Design patterns that would be used in a card game. Not objects and classes but design patterns.

Risposte di colloquio

Anonimo

23 dic 2009

I thought the question was unfair, especially for a person out of graduate school. In graduate school, we do RESEARCH not OOD!

1

Anonimo

24 dic 2009

how long did it take for them to get back after your interview?

Anonimo

24 dic 2009

Exactly 7 business days.

Anonimo

27 dic 2009

Ok. When did you interview? I interviewed around December 2nd week and don't have a reply...

Anonimo

17 gen 2010

Interview questions are designed to figure out how well the candidate knows the subject matter related to the job. Questions about design patterns are absolutely appropriate for a software engineering position, even for someone who is just out of graduate school. Research and OOD are not mutually exclusive; they have no way of knowing how well you know design patterns unless they ask. If you don't know design patterns, simply say so and move on to the next question. That's far better than trying to fake your way through it.

Anonimo

18 gen 2010

Who said anything about faking it :-) Research and OOD are not mutually exclusive but maybe design patterns and research are unless your research is in Software Engineering. My point is that, in most interviews objects, classes, hierarchy are what they are looking for, not actual design patterns.
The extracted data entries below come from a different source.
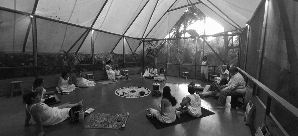 Todo esto lo facilitamos en un espacio vivo, honesto, natural. Nuestro centro ecológico de retiros Aldea Bamboo, inmerso en la selva y a pasos del mar, no es solo un lugar: es parte del proceso. La naturaleza aquí no es decorado, es medicina. El canto de las aves, la humedad de la tierra, el ritmo del oleaje, la ausencia de ruido artificial… todo coopera para que el cuerpo vuelva a confiar, a sentir, a aflojar.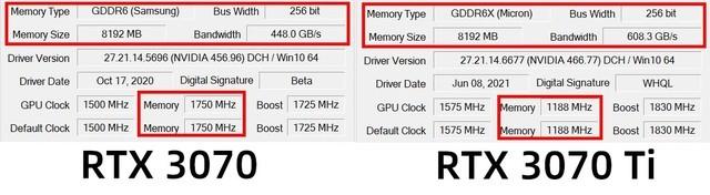 不过实际情况下,使用GDDR6显存的RTX 3070显存频率会更高,公版为1750MHz,所以最终显存带宽为448 GB/s。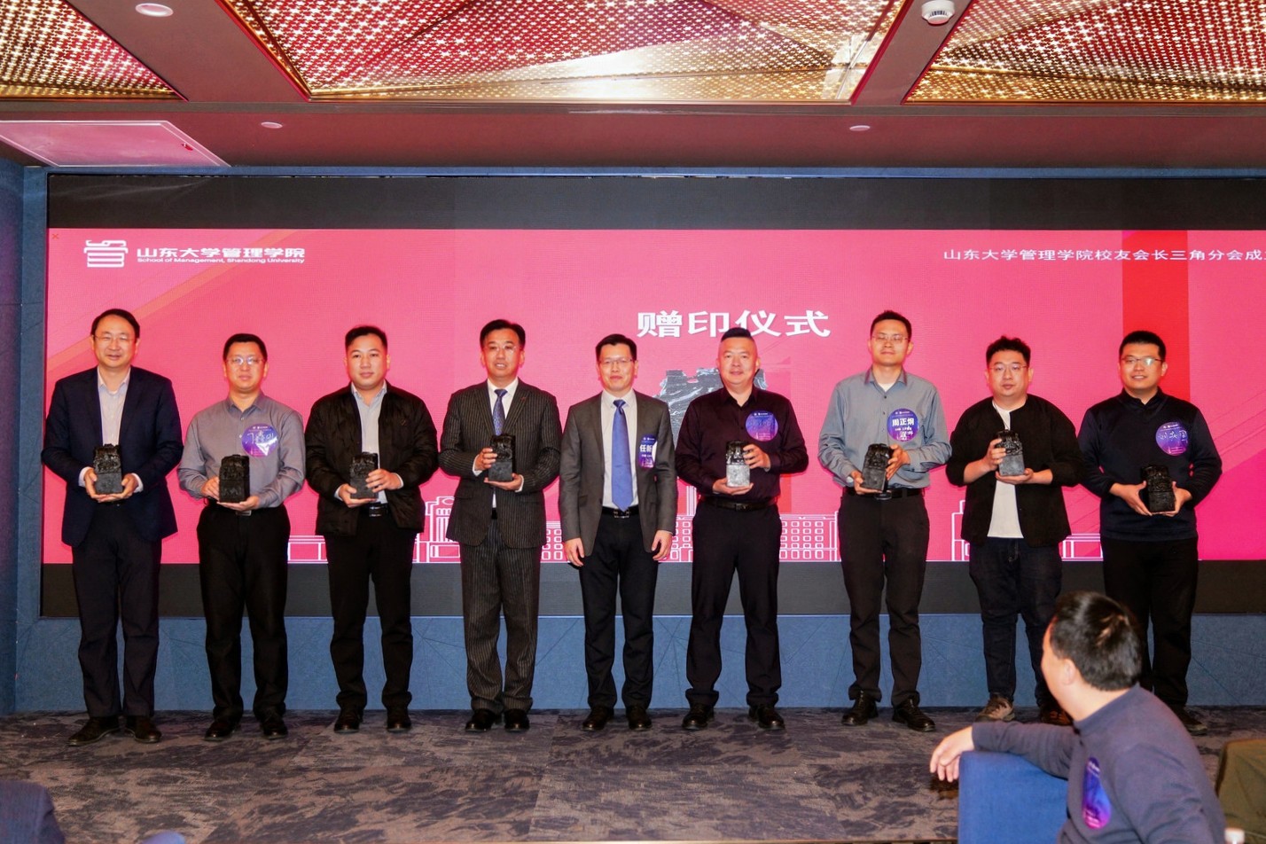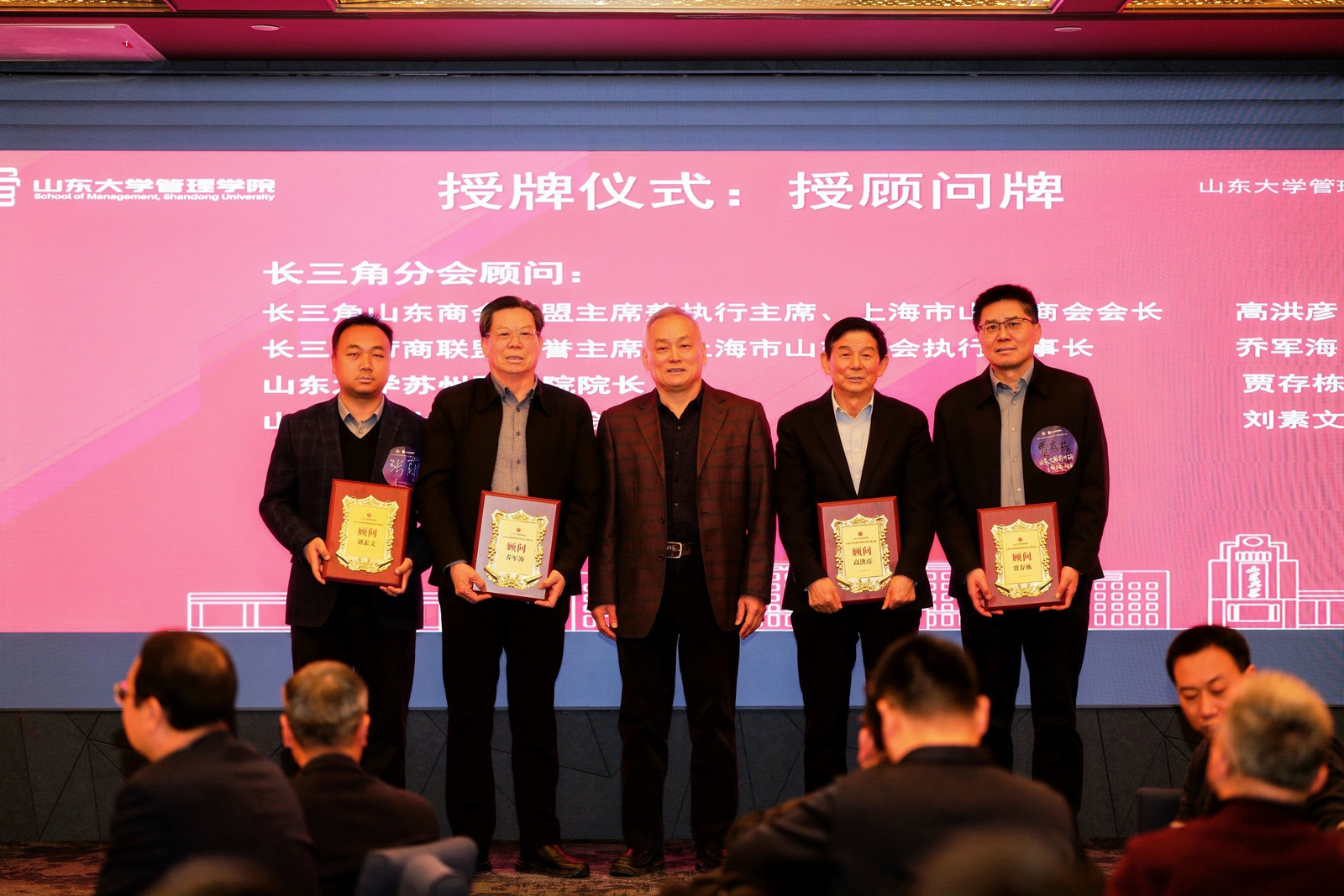 付岩志向长三角分会授旗,任新建接旗。丁荣贵为分会授予“校友之家”牌匾,长三角分会执行会长孙峰接牌。学院校友会常务副会长石清云、副院长张晓峰和学院校友办孙涛分别为长三角分会首届理事会成员授牌。长三角分会与上海市山东商会、德州分会等互赠墨宝与印章。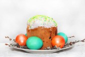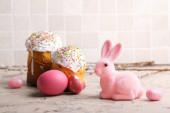 Ciasto wielkanocne, dwa jajka i dekoracyjny kurczak leżą na żółtym drewnianym tle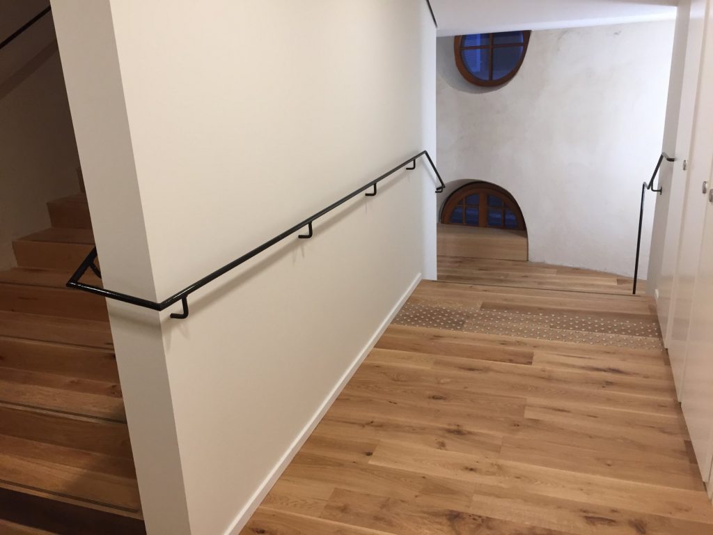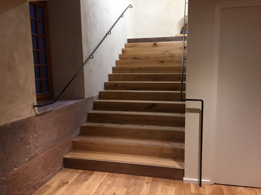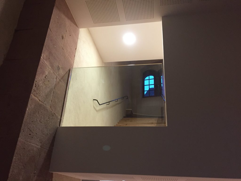 Ce chantier a consisté en la réalisation d’un garde-corps vitré ainsi que d’une main courante murale thermolaquée pour la Bibliothèque humaniste à Sélestat.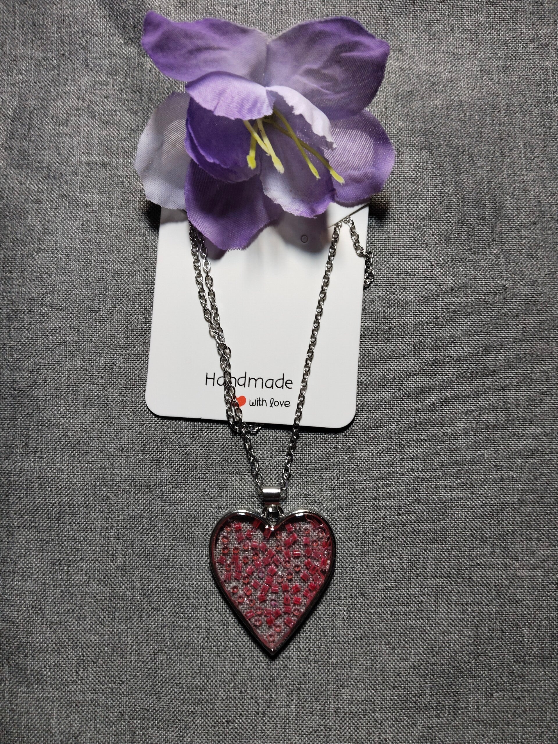 Edle Halskette mit Edelstahlanhänger in Herzform 3,5 cm lang, Länge der Kette ca. 45 cm + 5 cm, Anhänger aus Kunstharz gegossen mit Mini-Glasperlen.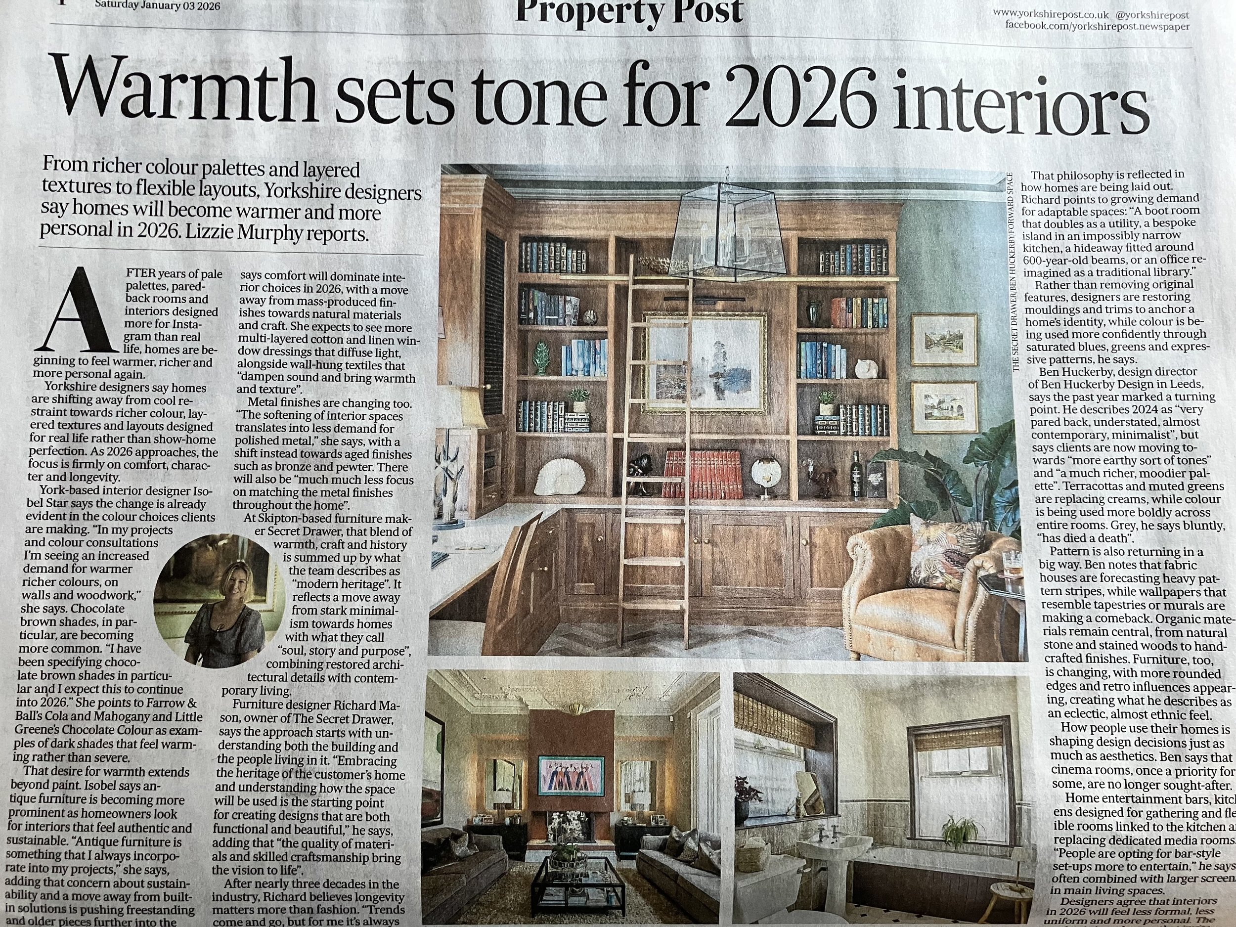 As the conversations around interiors evolve into 2026 the shift away from interiors that simply look good towards homes that feel grounded, personal and full of meaning continues. Homes with soul have always been at the heart of my work, so it was encouraging to see this conversation reflected in the Yorkshire Post property section this weekend, where the emphasis was firmly on how homes feel to live in, not simply how they look.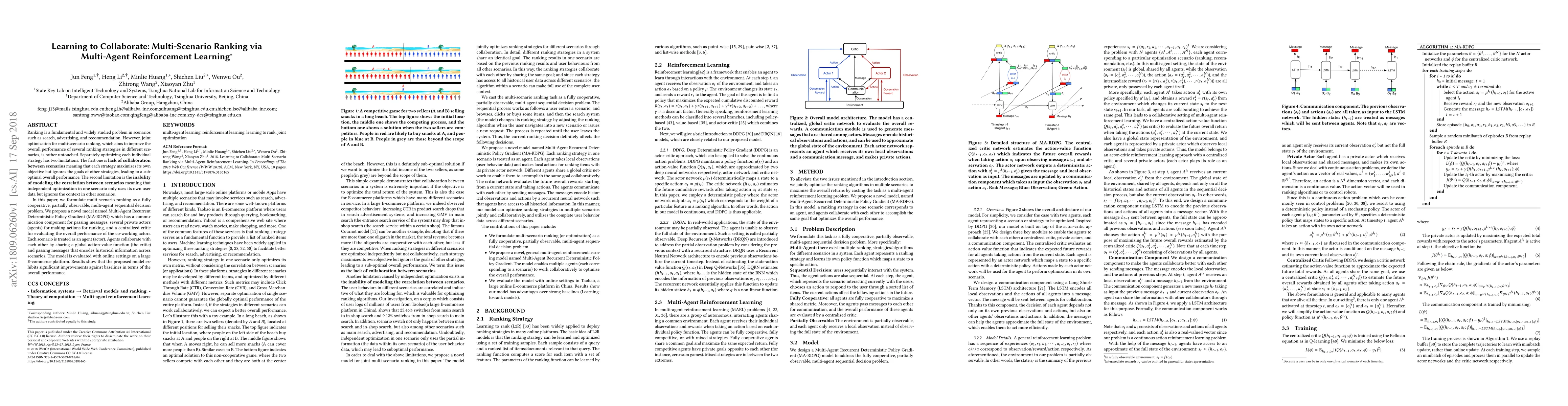 This paper proposes a novel Multi-Agent Recurrent Deterministic Policy Gradient (MA-RDPG) model to collaboratively optimize multi-scenario ranking, addressing the limitations of independent optimization by enabling agents to share information and improve overall performance. The model shows significant improvements over baselines in an online E-commerce setting.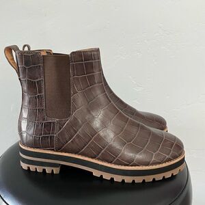 MADEWELL Ivy Lugsole Chelsea Leather Boots Croc embossed Size 7.5 New

But I agree with you, if you can move on, great but I posted this because I wanted to tell the people interviewing there to brush up on patterns in addition to OOD because my interviewer told me that she/he expected me to say something about design patterns not just the classes/objects that I told her/him.

Anonimo

10 set 2010

Not objects and classes? But OO design patterns are represented by objects and classes. So it looks like they just want to hear some DP names, but actual design with details, and the purpose is just to make sure you know their concept and general idea. How about this: Strategy pattern to separate the card-playing rules from the card itself. Factory pattern to instantiate different types of games. Decorator pattern to apply different combination of rules to the cards. Singleton pattern for the top-level game manager. I wouldn't say these are actually the good choice for the implementation , but since you want to hear some pattern names only, there you go...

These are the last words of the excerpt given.